→ **ACTIVITY**: Print the whole listing below exactly, skipping every picture.

→ **EXTRACTED INFORMATION**:
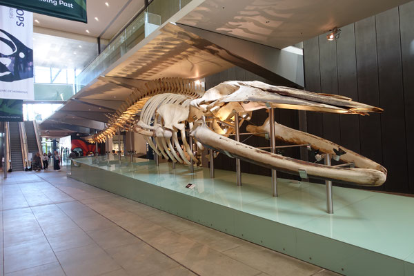 Unteranderem sind eine große Anzahl von Dinosaurierskeletten und ein Skelett eines Zwergblauwals, Sehr beeindruckend !! Im Anschluss befindet sich ein großer Bereich für Edelmetalle und Mineralien aus der ganzen Welt. Unglaubliche Farben begegnen einem dort. Denke die Bilder zeigen davon etwas. Darüberhinaus ist auch die Geschichte der Aborigines, der Entwicklung der Stadt Melbourne von der Gründung bis heute, ausgestellt. Im Innenbereich des Museum ist eine Freifläche mit einem Wald mit Bäumen bis zu 30 Meter Höhe und vielen Tierarten
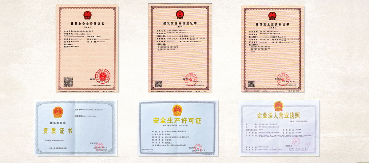 公司擁有“鋼結(jié)構(gòu)制造壹級(jí)”和“鋼結(jié)構(gòu)工程專(zhuān)業(yè)承包壹級(jí)”專(zhuān)業(yè)資質(zhì),獲得業(yè)內(nèi)認(rèn)可的各類(lèi)專(zhuān)利及榮譽(yù)資質(zhì)證書(shū);公司及產(chǎn)品已通過(guò)了ISO9001質(zhì)量管理體系認(rèn)證和省級(jí)檢測(cè)、鑒定,安全耐用。
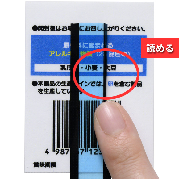 - 黒いラインの部分には粘着剤が付いていないため、テープをめくって表示内容を確認できます。
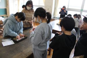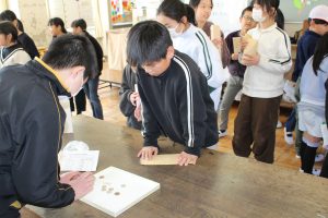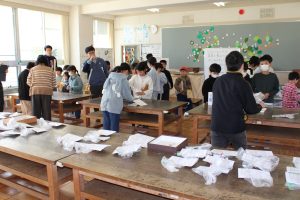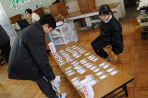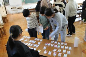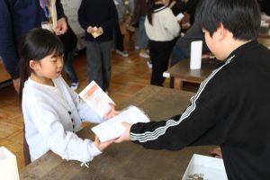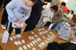 えがお学級の皆さんが、文具屋さんを開きました。鉛筆、消しゴム、ネームプレートペンなどの文具を事前に注文を取って、販売しました。多くの子どもや先生たちが、お客さんとして買いにきました。おまけとして、えがお学級の皆さんが作ったキーホルダーをもらうことができました。
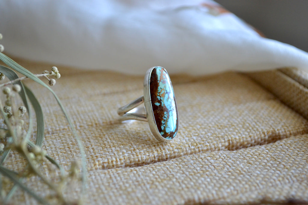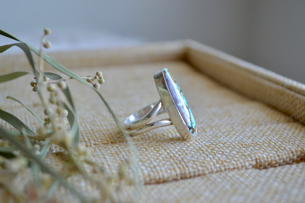 My #1 favorite piece from this collection, hands down. This Kingman stone is from their natural collection (rarer, & didn't need stabilizing), where they mined it and didn't have to do much other than polish it up. It's like that gorgeous girl in high school that doesn't wear makeup and roles out of bed looking majestic and effortlessly cool. This stone is her.. it's whatever, we all want her, or we all want to be her. In this case I want her! :)
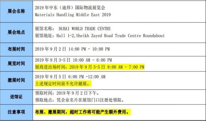 您好,欢迎您参加2019年中东(迪拜)国际物流展览会,为了使您顺利参展、方便您的出行,请您仔细阅读以下信息:

→ **FINAL ANSWER**:
 Unteranderem sind eine große Anzahl von Dinosaurierskeletten und ein Skelett eines Zwergblauwals, Sehr beeindruckend !! Im Anschluss befindet sich ein großer Bereich für Edelmetalle und Mineralien aus der ganzen Welt. Unglaubliche Farben begegnen einem dort. Denke die Bilder zeigen davon etwas. Darüberhinaus ist auch die Geschichte der Aborigines, der Entwicklung der Stadt Melbourne von der Gründung bis heute, ausgestellt. Im Innenbereich des Museum ist eine Freifläche mit einem Wald mit Bäumen bis zu 30 Meter Höhe und vielen Tierarten
 公司擁有“鋼結(jié)構(gòu)制造壹級(jí)”和“鋼結(jié)構(gòu)工程專(zhuān)業(yè)承包壹級(jí)”專(zhuān)業(yè)資質(zhì),獲得業(yè)內(nèi)認(rèn)可的各類(lèi)專(zhuān)利及榮譽(yù)資質(zhì)證書(shū);公司及產(chǎn)品已通過(guò)了ISO9001質(zhì)量管理體系認(rèn)證和省級(jí)檢測(cè)、鑒定,安全耐用。
 - 黒いラインの部分には粘着剤が付いていないため、テープをめくって表示内容を確認できます。
 えがお学級の皆さんが、文具屋さんを開きました。鉛筆、消しゴム、ネームプレートペンなどの文具を事前に注文を取って、販売しました。多くの子どもや先生たちが、お客さんとして買いにきました。おまけとして、えがお学級の皆さんが作ったキーホルダーをもらうことができました。
 My #1 favorite piece from this collection, hands down. This Kingman stone is from their natural collection (rarer, & didn't need stabilizing), where they mined it and didn't have to do much other than polish it up. It's like that gorgeous girl in high school that doesn't wear makeup and roles out of bed looking majestic and effortlessly cool. This stone is her.. it's whatever, we all want her, or we all want to be her. In this case I want her! :)
 您好,欢迎您参加2019年中东(迪拜)国际物流展览会,为了使您顺利参展、方便您的出行,请您仔细阅读以下信息:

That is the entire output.